The validation lane now also includes scoped play-contract checks so cross-play variable leaks are caught before runtime, especially in the workstation-to-bastion handoff and support-service phases.

The host prep, IdM build, mirror-registry build, and OpenShift DNS populate/cleanup workflows have all been exercised on a real AWS metal host.

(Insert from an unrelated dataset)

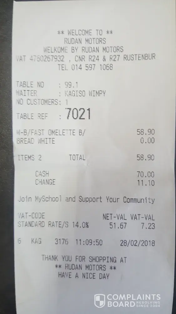 Today 28.02.2018 I bought a Grated chees, bacon and tomato omelette at Wimpy Rudan in Rustenburg.

The recent orchestration hardening also moved several late failures forward:

• support-service DNS publication is now validated authoritatively from IdM
• disconnected OperatorHub checks node-side resolution of mirror-registry.workshop.lan before mirrored catalogs are applied
• fresh-install control-plane bootstrap recovery is codified in playbooks/cluster/openshift-install-wait.yml

The current cluster/auth proof points are stronger than the original docs used to claim:

• the default cluster auth baseline is now HTPasswd breakglass plus Keycloak OIDC, not direct OpenShift LDAP
• the post-install replay path has completed cleanly on the current cluster
• repo-wide ansible-lint -p is clean

Known Gaps

• In-place migration of an already-running self-signed registry to IdM-issued certs is only partially automated. Clean installs that start on the IdM-cert path are not the gap.
• The final certification bar is still outstanding: one uninterrupted playbooks/site-lab.yml run from a deliberate teardown boundary on the current codebase, without live repair work during the attempt.